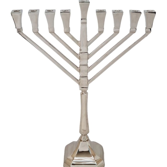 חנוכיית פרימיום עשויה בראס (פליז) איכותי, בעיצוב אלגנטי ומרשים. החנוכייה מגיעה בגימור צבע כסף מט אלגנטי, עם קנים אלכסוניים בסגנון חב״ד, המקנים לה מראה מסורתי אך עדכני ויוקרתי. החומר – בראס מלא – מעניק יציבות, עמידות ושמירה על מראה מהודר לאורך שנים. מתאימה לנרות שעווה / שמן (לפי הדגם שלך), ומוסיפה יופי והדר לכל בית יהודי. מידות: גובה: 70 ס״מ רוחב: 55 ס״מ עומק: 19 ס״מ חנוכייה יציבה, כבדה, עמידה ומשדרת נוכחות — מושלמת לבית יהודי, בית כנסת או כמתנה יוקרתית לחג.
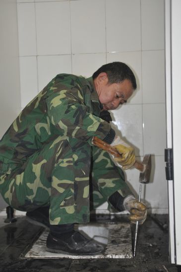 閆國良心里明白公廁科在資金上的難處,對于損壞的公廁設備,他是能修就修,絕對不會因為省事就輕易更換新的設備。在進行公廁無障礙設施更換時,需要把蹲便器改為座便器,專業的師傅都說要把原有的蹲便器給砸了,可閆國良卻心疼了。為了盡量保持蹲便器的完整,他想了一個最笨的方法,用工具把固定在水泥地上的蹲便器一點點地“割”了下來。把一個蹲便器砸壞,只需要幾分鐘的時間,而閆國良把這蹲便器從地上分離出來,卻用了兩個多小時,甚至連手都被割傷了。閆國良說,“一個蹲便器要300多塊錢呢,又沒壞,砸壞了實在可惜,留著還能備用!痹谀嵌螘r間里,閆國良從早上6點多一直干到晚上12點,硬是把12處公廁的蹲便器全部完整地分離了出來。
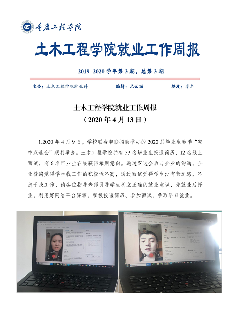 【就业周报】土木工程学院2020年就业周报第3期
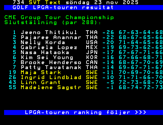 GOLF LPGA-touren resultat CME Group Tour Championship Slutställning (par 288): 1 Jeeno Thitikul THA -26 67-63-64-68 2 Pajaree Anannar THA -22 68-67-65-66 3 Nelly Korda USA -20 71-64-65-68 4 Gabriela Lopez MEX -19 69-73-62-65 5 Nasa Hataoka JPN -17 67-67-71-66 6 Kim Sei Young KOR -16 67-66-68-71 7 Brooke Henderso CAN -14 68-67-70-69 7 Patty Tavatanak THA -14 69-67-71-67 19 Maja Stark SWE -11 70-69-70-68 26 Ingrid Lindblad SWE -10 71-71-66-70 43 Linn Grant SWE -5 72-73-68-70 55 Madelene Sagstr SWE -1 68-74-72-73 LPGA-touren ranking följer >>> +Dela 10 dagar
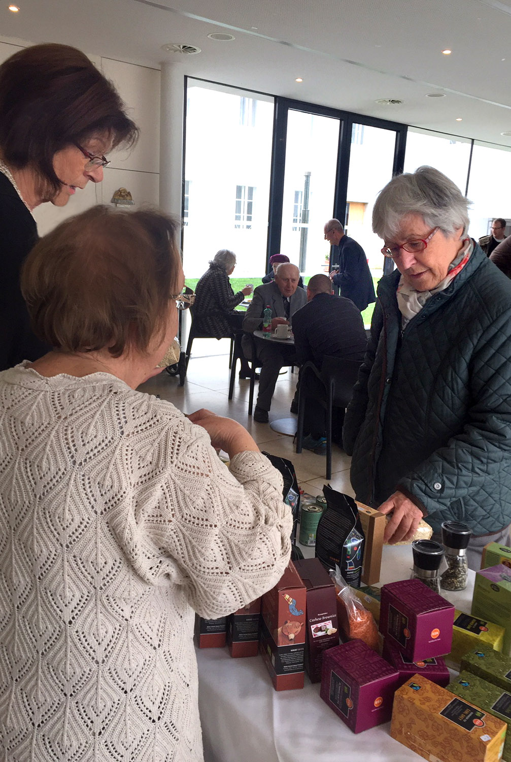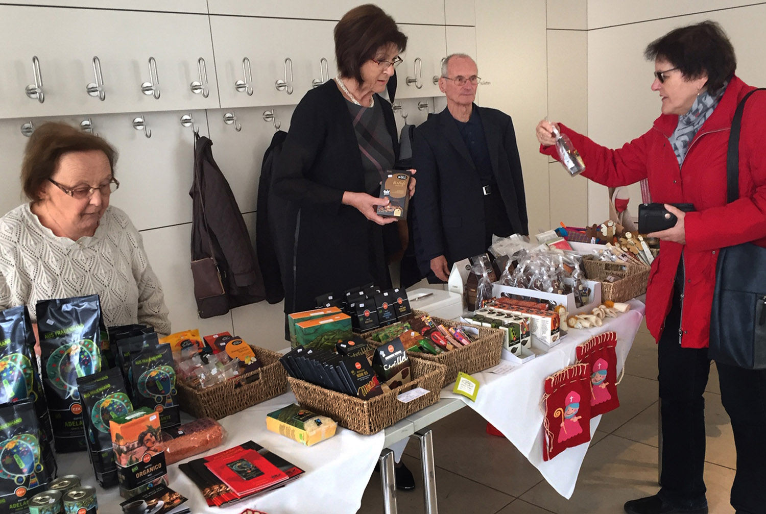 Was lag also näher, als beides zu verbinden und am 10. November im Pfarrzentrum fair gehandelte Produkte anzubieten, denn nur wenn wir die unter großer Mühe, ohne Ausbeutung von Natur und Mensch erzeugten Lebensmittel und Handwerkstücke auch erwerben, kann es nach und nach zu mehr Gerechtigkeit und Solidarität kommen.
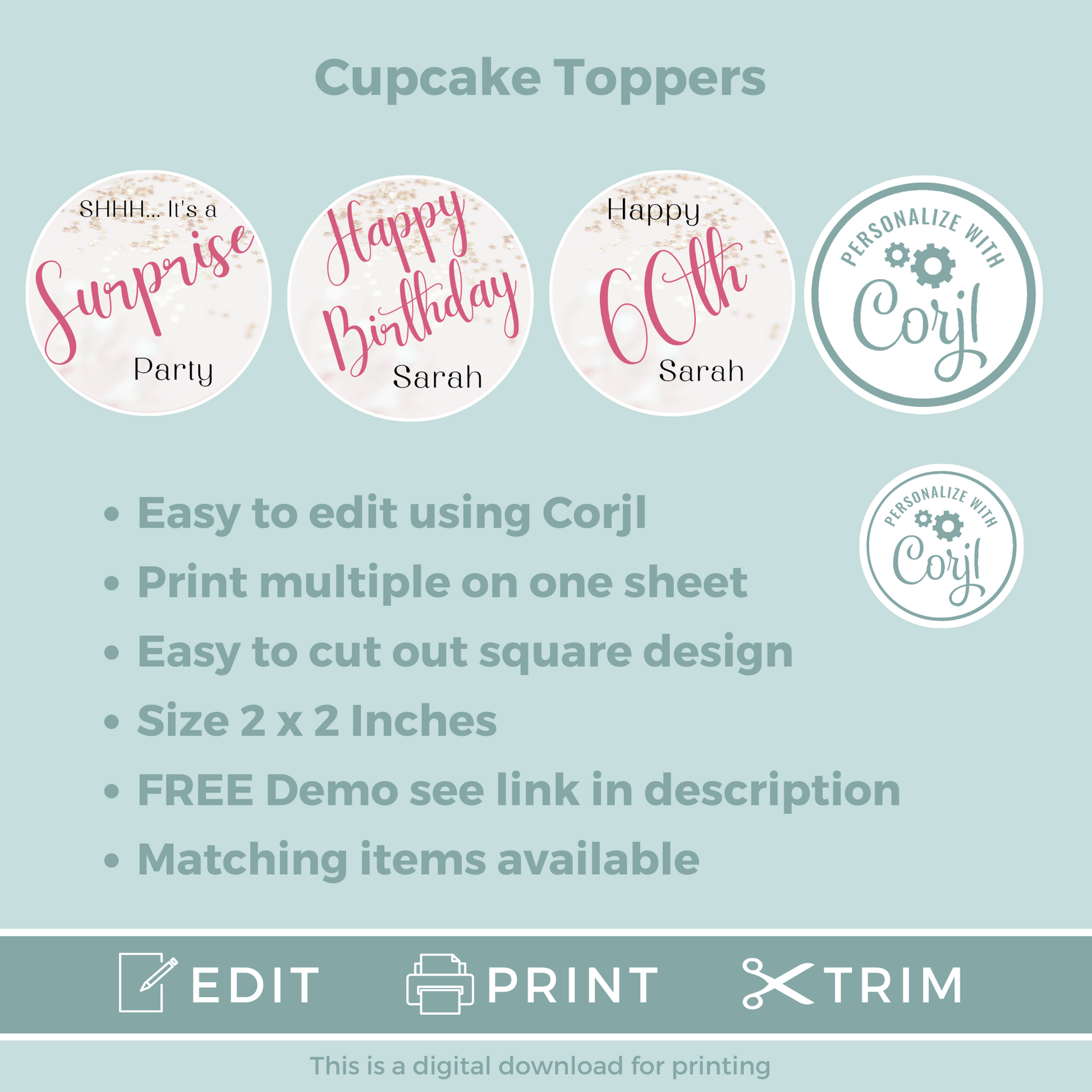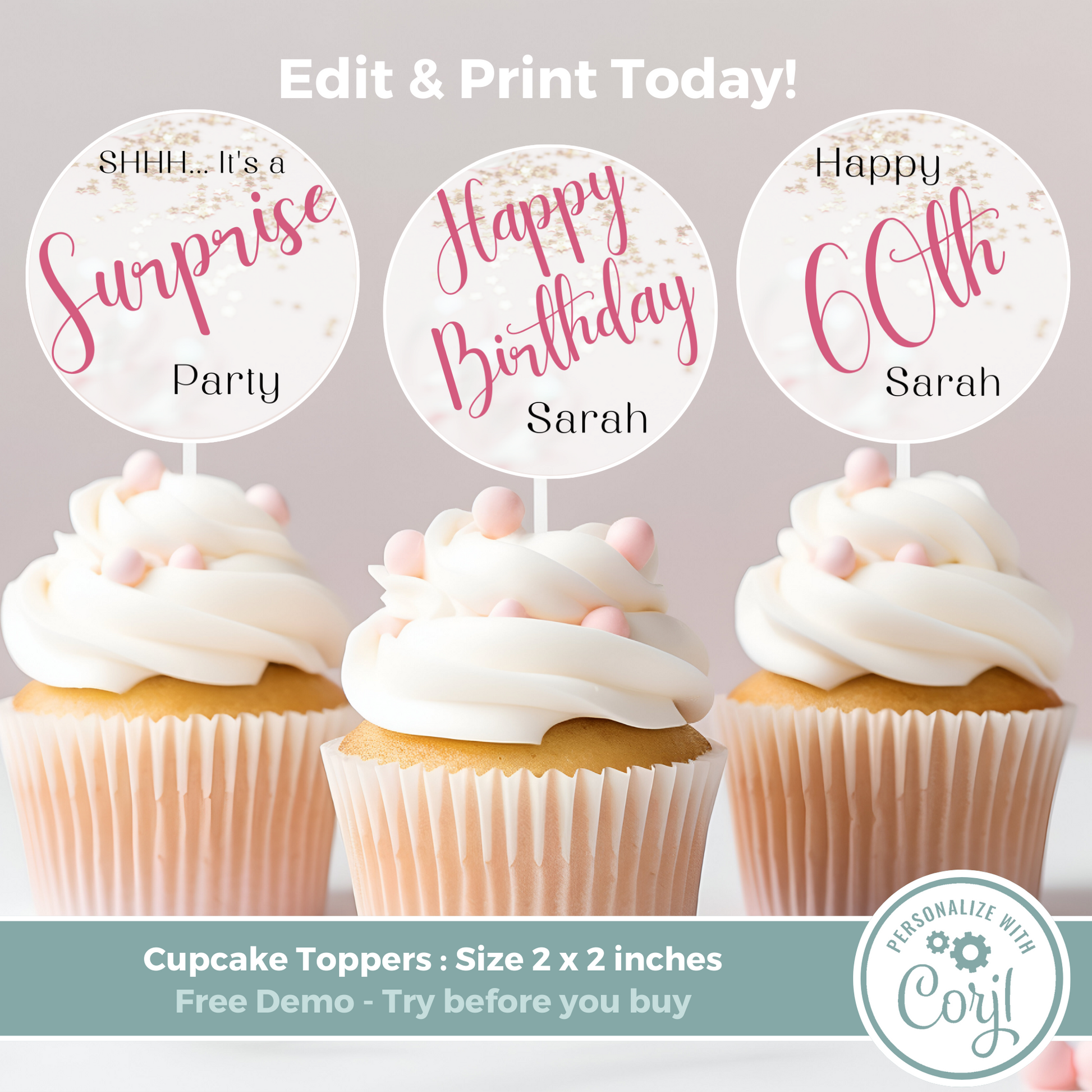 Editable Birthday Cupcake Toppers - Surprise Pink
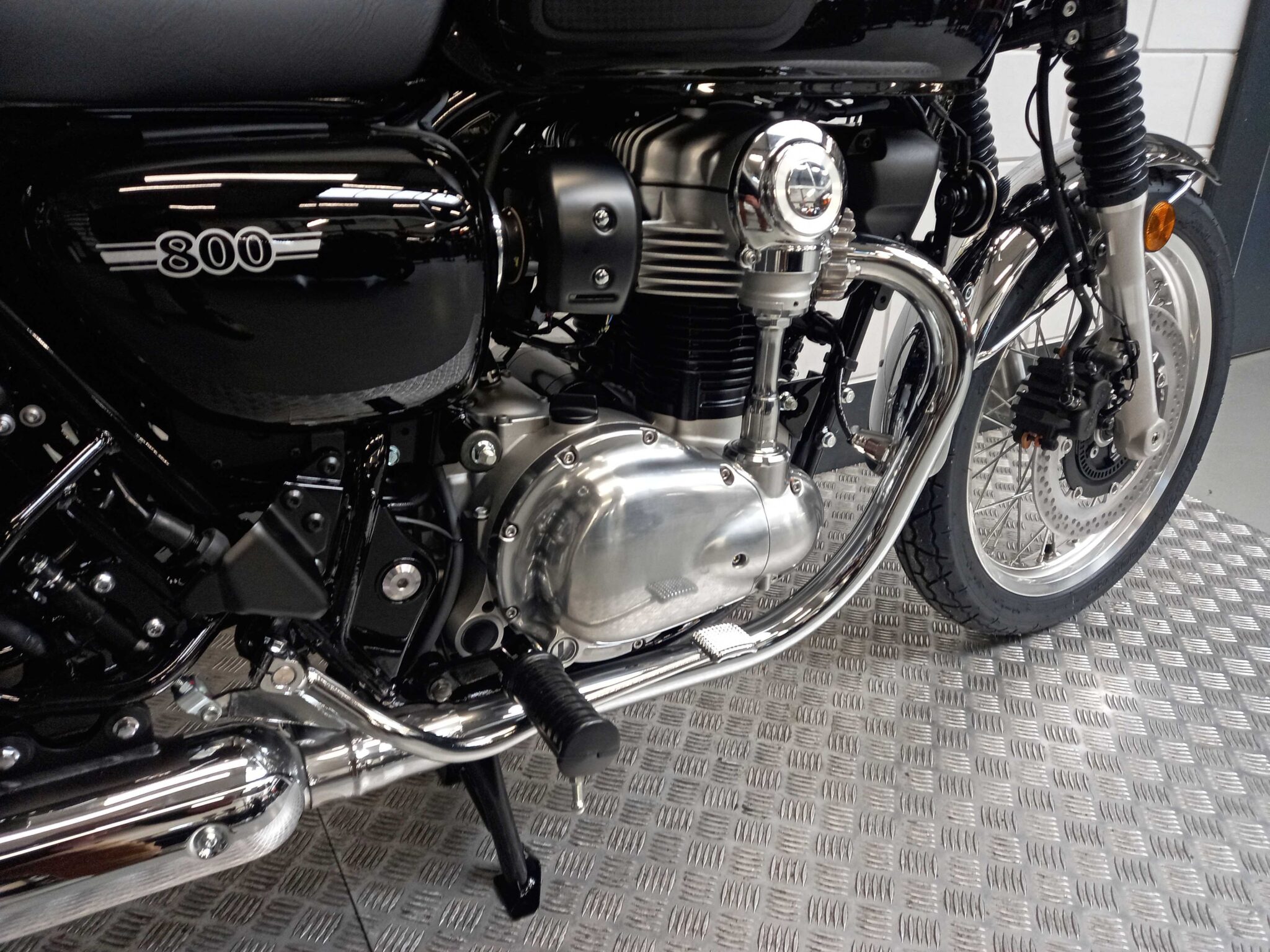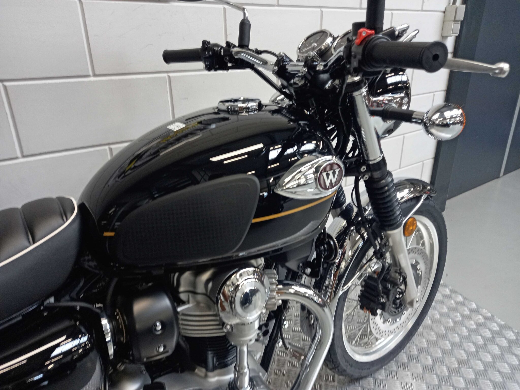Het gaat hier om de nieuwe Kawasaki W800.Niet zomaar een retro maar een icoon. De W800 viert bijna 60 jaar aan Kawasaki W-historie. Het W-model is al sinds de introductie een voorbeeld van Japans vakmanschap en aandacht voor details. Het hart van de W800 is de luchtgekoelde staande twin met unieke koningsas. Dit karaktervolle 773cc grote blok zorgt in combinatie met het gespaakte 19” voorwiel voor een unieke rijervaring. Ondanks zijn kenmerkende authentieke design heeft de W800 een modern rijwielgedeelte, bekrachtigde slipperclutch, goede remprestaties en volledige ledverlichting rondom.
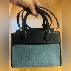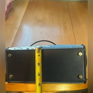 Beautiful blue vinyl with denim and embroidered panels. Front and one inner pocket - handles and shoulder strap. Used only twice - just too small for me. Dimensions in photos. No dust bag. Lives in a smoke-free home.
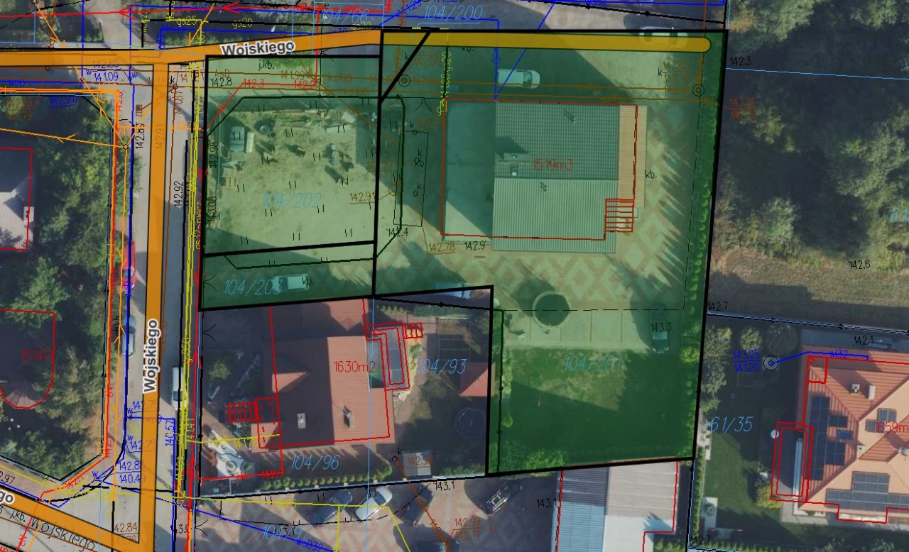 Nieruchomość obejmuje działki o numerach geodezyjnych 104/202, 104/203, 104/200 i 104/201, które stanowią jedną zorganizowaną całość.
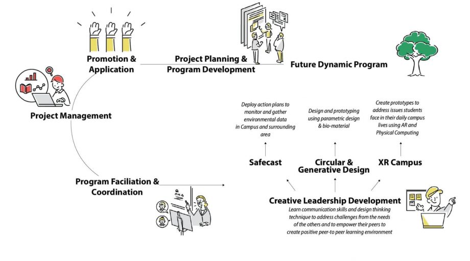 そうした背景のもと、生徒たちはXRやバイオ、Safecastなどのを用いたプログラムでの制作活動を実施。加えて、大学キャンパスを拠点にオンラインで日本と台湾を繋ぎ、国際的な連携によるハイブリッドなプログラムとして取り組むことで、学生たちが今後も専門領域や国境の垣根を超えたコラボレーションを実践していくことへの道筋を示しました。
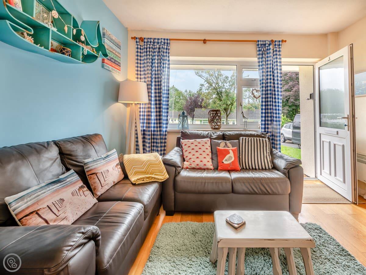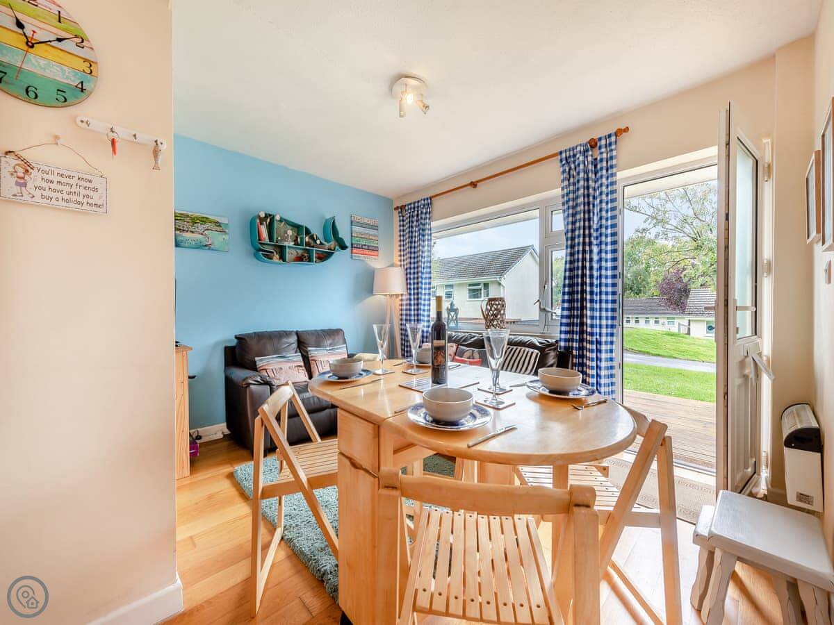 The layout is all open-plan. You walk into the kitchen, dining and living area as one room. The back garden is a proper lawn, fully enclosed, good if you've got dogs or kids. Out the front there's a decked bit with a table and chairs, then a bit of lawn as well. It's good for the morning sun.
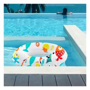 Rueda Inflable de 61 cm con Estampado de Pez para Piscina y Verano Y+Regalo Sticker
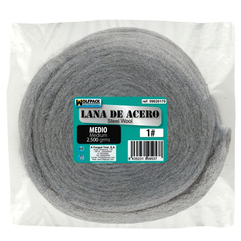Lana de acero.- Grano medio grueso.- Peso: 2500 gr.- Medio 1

## The task:
What are the lines in the records above, word for word, from the one containing "Was lag also" through the one containing "Editable Birthday Cupcake", both ends included and pictures left out?

## Answer box:
 Was lag also näher, als beides zu verbinden und am 10. November im Pfarrzentrum fair gehandelte Produkte anzubieten, denn nur wenn wir die unter großer Mühe, ohne Ausbeutung von Natur und Mensch erzeugten Lebensmittel und Handwerkstücke auch erwerben, kann es nach und nach zu mehr Gerechtigkeit und Solidarität kommen.
 Editable Birthday Cupcake Toppers - Surprise Pink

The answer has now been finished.